The human genome project, and the closely related effort to map millions of single nucleotide polymorphisms (SNPs), or single-base differences between individuals, provided part of the answer. In theory, comparing the SNP profiles of people with and without a complex disease should reveal the genes involved, if researchers sample enough people.

In practice, "enough people" for such a whole-genome screen is a number in the thousands, exceeding the budgets and capabilities of most laboratories. Instead, Levine and his colleagues decided to focus on the subset of SNPs that affect p53 and its partners, such as the negative regulator Mdm2 and the downstream growth factor LIF. That allowed them to get statistically meaningful results from far fewer patients.

A single base change in p53 has far-reaching effects.

For p53, one change is particularly significant: the presence of either an arginine or a proline sequence at codon 72. About 80% of healthy Caucasians are homozygous for the arginine residue, while about 98% of healthy Africans are homozygous for the proline.

In Mdm2, a SNP in the enhancer region of the gene's first intron, with either a G or a T nucleotide, also shows racial differences. About 43% of Caucasians are homozygous for the G nucleotide, while Africans are overwhelmingly homozygous for the T. Examining the haplotypes in more detail, Levine and his colleagues determined that the African versions of p53 and Mdm2 are the more ancient ones, suggesting that the Caucasian versions have undergone some sort of positive selection.

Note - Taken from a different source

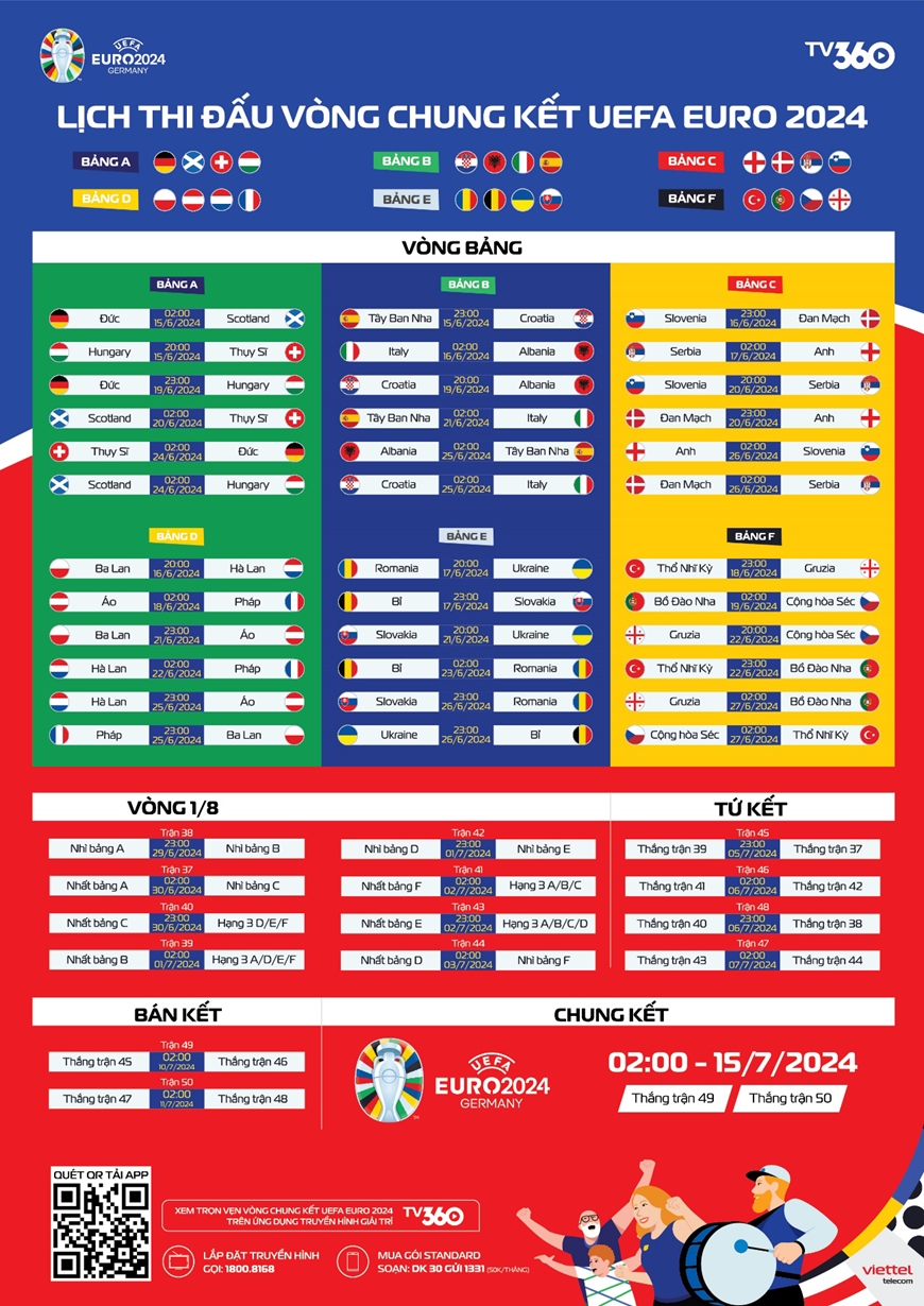 Lịch thi đấu vòng chung kết Euro 2024. Ảnh: Viettel

Based on the low fertility of the lab's p53-deleted mice, the researchers hypothesized that the positive selection could be related to reproduction. Indeed, analyzing the SNP distribution in patients from a fertility clinic revealed a disproportionate number with proline at p53 codon 72, and a similar skew favoring the G residue in Mdm2's enhancer. A SNP in LIF also appears to be involved in many cases of infertility.

Besides being potentially useful in directing patients to the correct fertility treatment strategy, the finding provides an unusually satisfying validation of both classical cell biology and cutting-edge systems approaches. "It's very rare that you know a pathway ahead of time, you look for SNPs, and you can start to get information about what they really do, and then start to put that together," said Levine.

Open Questions

Can algorithms that predict single-cell signaling patterns be scaled up to predict signaling across whole tissues and organs?

What proportion of a computer-predicted signaling network has to be checked in the lab to validate it?

What signaling molecule provides positive feedback in the p53/Mdm2 oscillation cycle?

Is oscillation a general phenomenon in cell signaling molecules?

Will combinatorial algorithms point to clinically useful combinations of chemotherapies?

What genetic polymorphisms are most important for driving cancer progression?